Data shown Start Marker

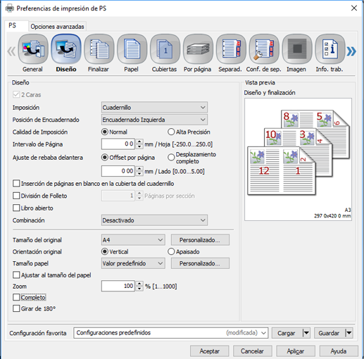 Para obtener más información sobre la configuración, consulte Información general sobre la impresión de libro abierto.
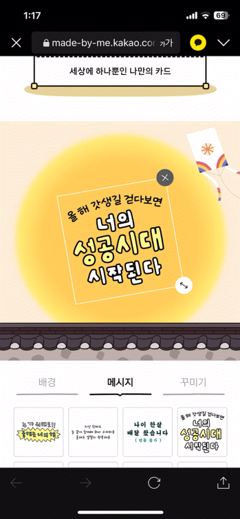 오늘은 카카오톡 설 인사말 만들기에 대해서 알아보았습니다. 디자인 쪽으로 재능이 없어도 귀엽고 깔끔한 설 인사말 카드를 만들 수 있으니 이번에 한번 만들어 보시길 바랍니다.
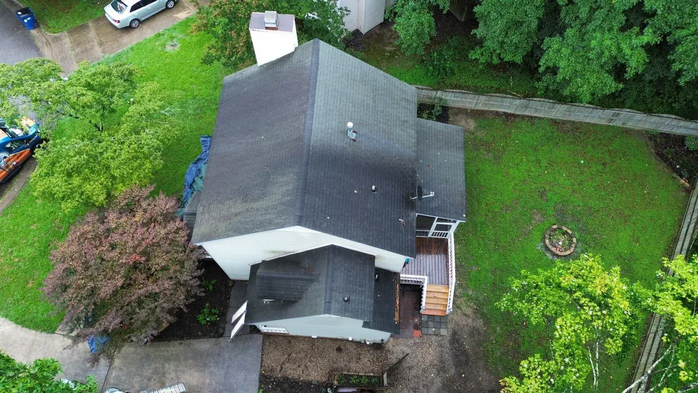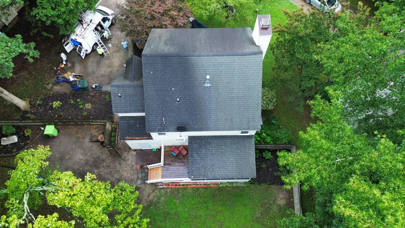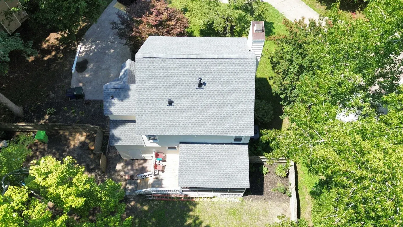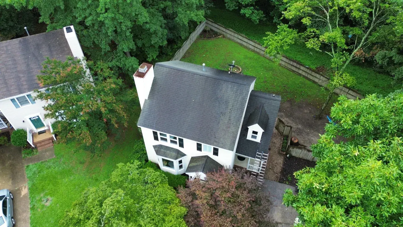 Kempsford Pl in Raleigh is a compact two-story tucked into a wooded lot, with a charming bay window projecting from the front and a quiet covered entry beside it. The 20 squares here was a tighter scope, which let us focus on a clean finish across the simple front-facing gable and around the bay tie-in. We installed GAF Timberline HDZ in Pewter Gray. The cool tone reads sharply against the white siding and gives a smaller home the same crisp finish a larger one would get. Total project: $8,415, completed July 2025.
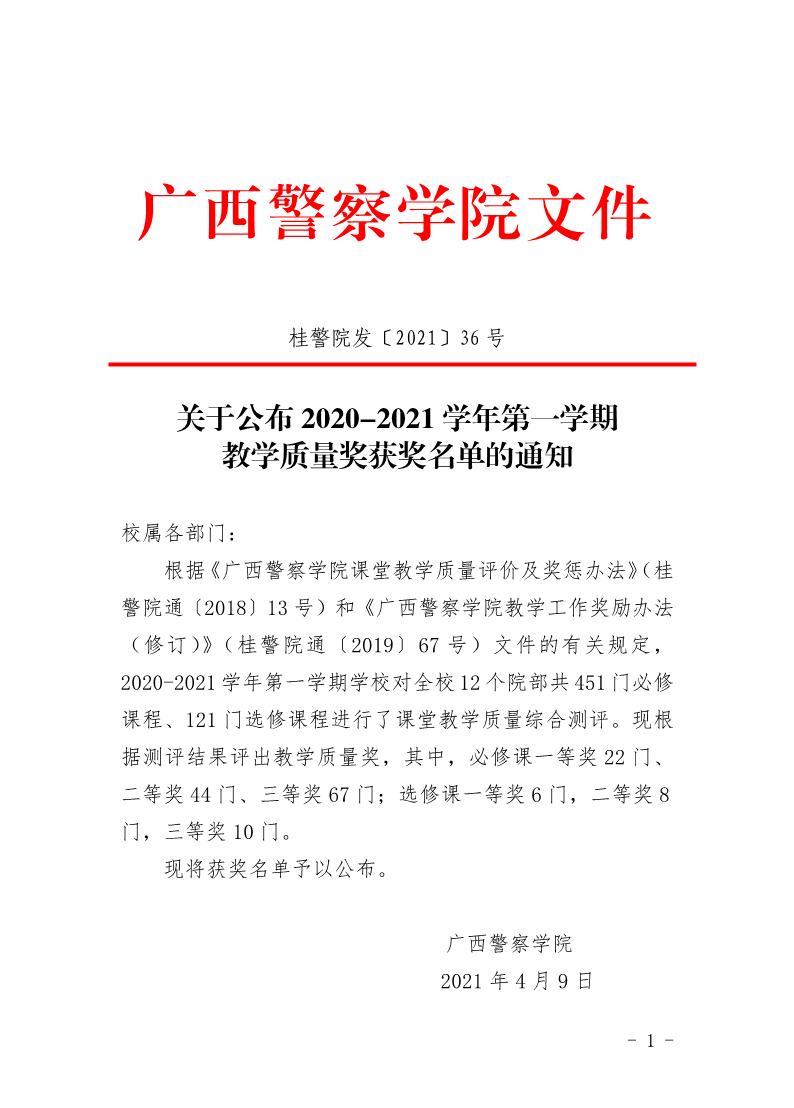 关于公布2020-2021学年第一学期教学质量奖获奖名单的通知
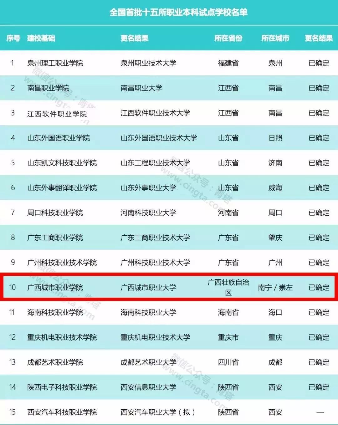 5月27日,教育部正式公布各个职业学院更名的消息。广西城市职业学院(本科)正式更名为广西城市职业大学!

Data shown End Marker
Data shown Start Marker

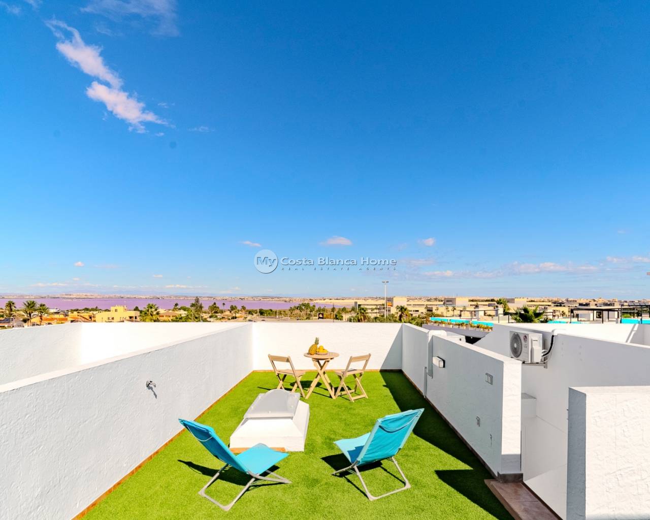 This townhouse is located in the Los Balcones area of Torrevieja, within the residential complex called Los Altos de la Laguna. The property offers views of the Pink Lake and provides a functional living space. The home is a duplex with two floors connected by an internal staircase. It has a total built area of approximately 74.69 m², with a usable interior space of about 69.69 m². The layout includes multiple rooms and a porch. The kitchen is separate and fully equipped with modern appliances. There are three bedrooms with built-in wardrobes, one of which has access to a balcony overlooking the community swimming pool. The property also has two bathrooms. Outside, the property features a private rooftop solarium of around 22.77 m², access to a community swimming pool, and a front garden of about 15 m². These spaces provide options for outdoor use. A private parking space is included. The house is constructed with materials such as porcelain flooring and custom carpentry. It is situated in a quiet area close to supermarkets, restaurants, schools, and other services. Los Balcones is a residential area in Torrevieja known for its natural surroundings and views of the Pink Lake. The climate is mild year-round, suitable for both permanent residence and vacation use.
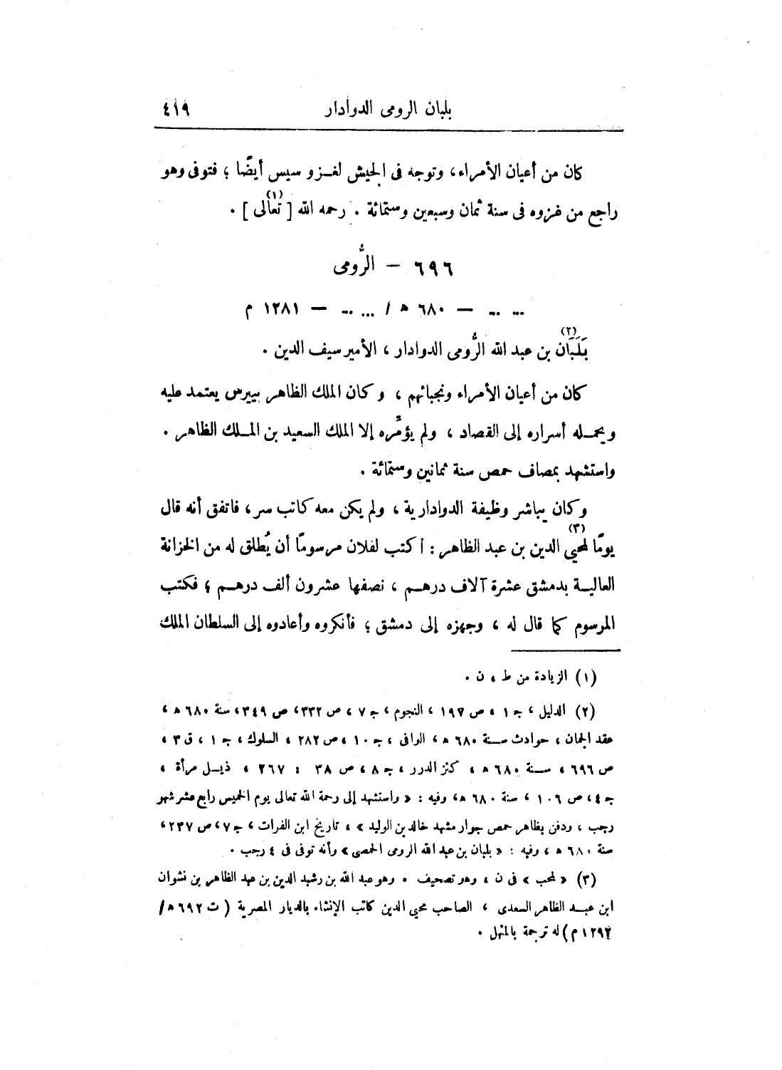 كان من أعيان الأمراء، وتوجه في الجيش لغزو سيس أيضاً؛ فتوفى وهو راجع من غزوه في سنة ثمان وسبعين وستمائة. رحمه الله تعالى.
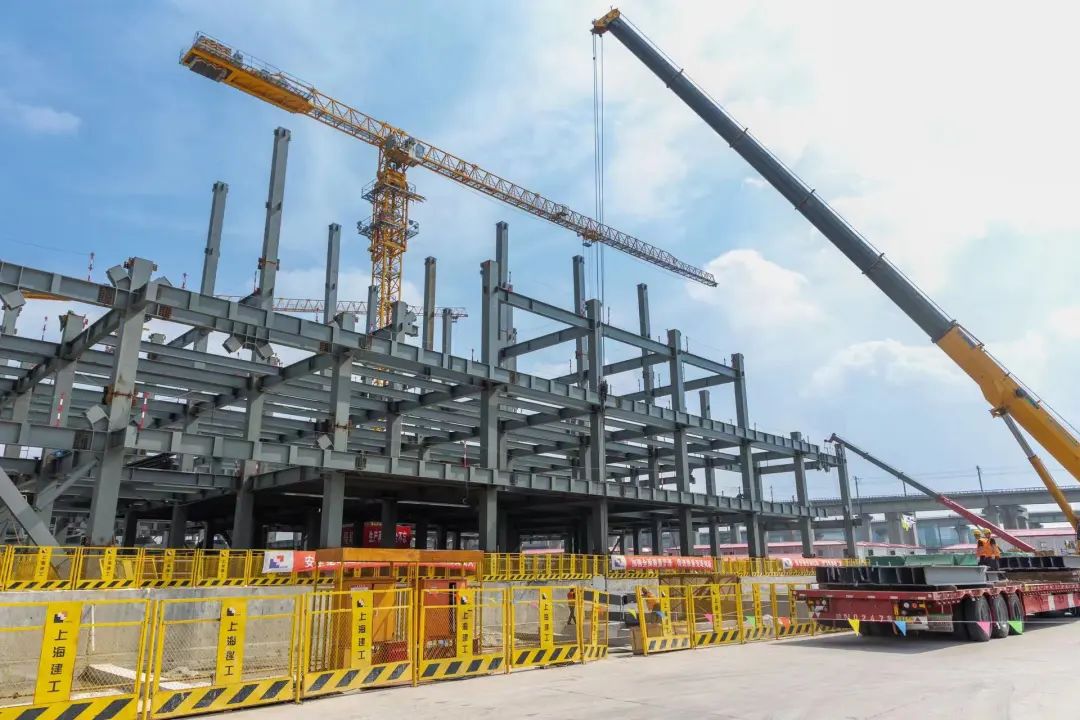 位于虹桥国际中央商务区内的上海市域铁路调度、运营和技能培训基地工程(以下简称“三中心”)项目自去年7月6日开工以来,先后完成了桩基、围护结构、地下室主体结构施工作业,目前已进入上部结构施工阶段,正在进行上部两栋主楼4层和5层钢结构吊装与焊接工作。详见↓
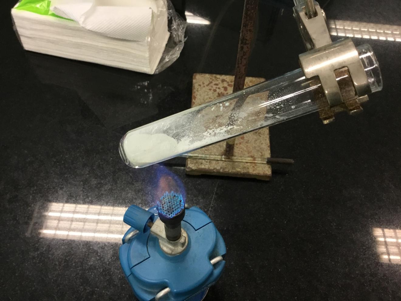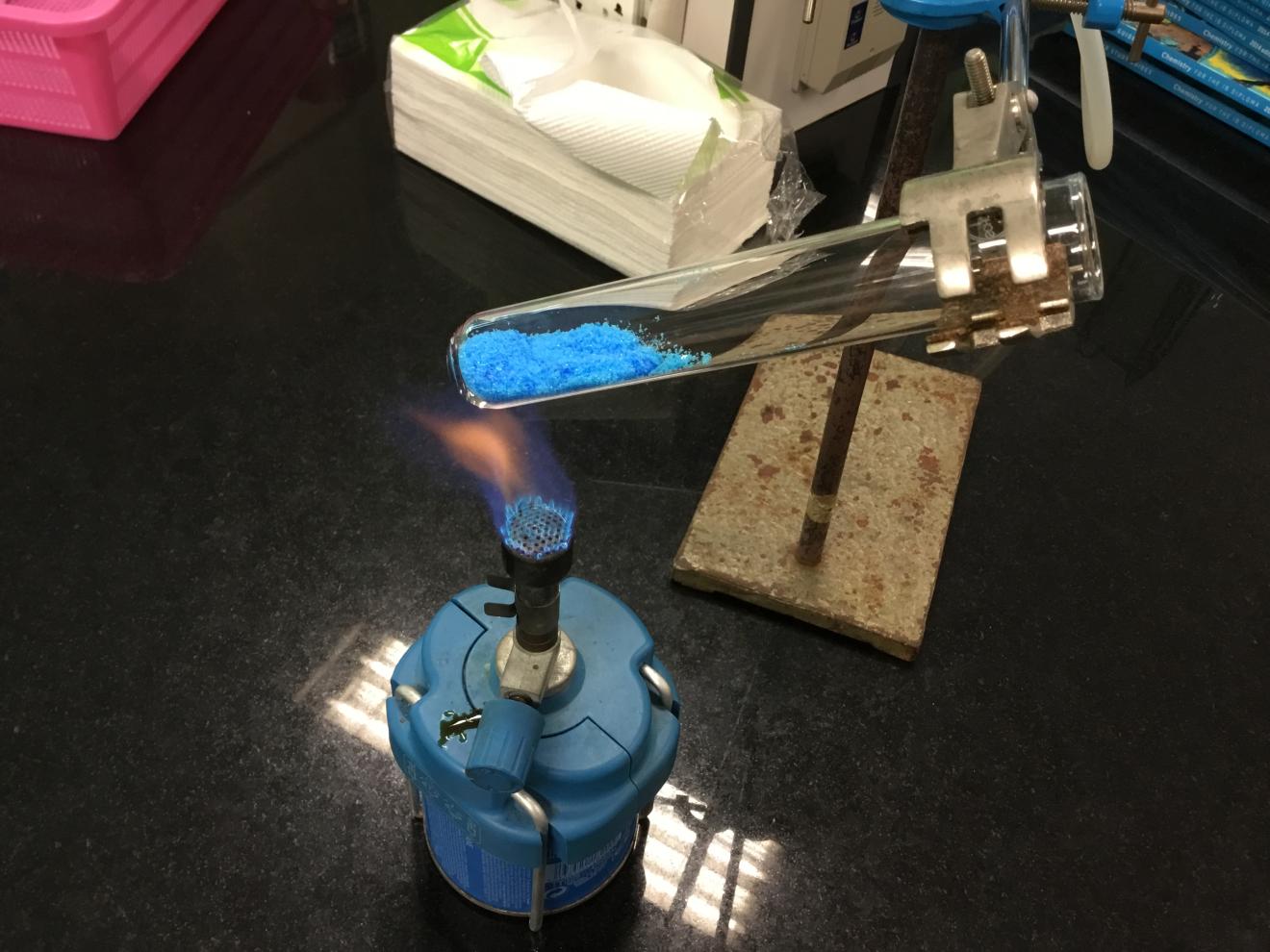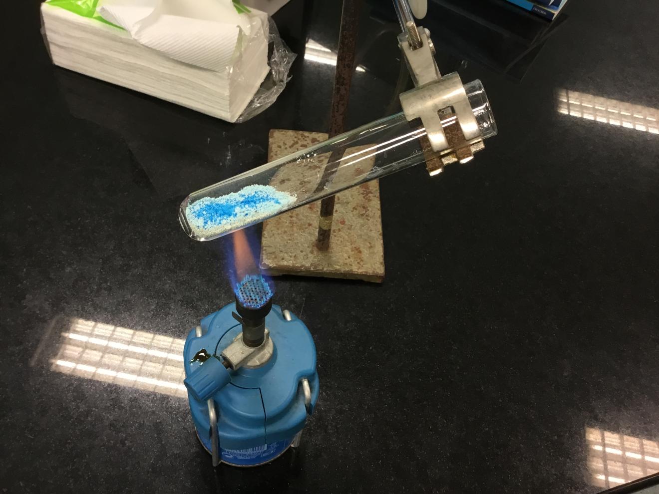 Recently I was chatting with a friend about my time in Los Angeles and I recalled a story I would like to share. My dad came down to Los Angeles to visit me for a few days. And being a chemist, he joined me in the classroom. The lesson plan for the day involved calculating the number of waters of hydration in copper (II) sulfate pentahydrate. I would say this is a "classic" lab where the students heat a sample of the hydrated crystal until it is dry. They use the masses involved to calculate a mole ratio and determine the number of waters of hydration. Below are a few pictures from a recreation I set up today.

Data shown End Marker

Problem to work on ->
Look above for the line with "Para obtener más", then give again exactly every line from there through the line with "오늘은 카카오톡 설 인사말", skipping the pictures.

Completed task ->
 Para obtener más información sobre la configuración, consulte Información general sobre la impresión de libro abierto.
 오늘은 카카오톡 설 인사말 만들기에 대해서 알아보았습니다. 디자인 쪽으로 재능이 없어도 귀엽고 깔끔한 설 인사말 카드를 만들 수 있으니 이번에 한번 만들어 보시길 바랍니다.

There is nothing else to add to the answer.